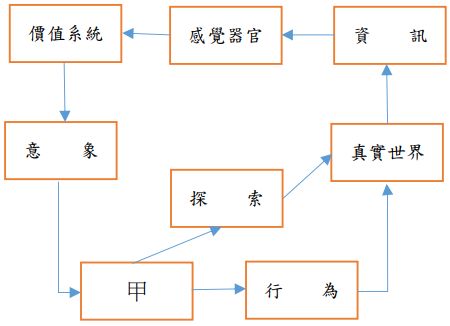 4. 地理學的人地傳統進入環境識覺研究主題後, 地理學家逐漸發展出一套觀念架構如圖 1 所示 ,圖中的「甲」處應填入下列何者? (A)環境 (B)決策 (C)評價 (D)偏好
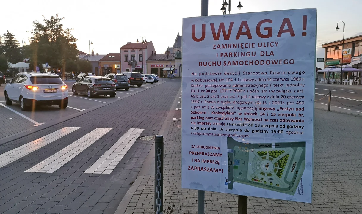 W związku z organizacją festynu parking na rynku oraz część ulicy Plac Wolności na czas odbywania się imprezy zostają zamknięte od 13 sierpnia do dnia 16 sierpnia (wtorek) do godziny 15.
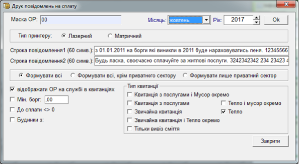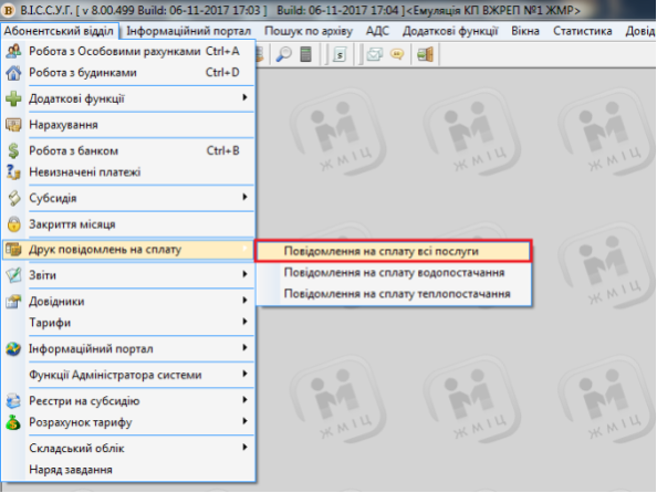 Для друку "Повідомлення на сплату всі послуги" перейти в меню: "Абонентський відділ" - "Друк повідомлень на сплату" - "Повідомлення на сплату всі послуги"

━━━━━━━━

» Task objective:
Transcribe every line of the listing above exactly; skip the pictures.

» Solution to this problem:
 4. 地理學的人地傳統進入環境識覺研究主題後, 地理學家逐漸發展出一套觀念架構如圖 1 所示 ,圖中的「甲」處應填入下列何者? (A)環境 (B)決策 (C)評價 (D)偏好
 W związku z organizacją festynu parking na rynku oraz część ulicy Plac Wolności na czas odbywania się imprezy zostają zamknięte od 13 sierpnia do dnia 16 sierpnia (wtorek) do godziny 15.
 Для друку "Повідомлення на сплату всі послуги" перейти в меню: "Абонентський відділ" - "Друк повідомлень на сплату" - "Повідомлення на сплату всі послуги"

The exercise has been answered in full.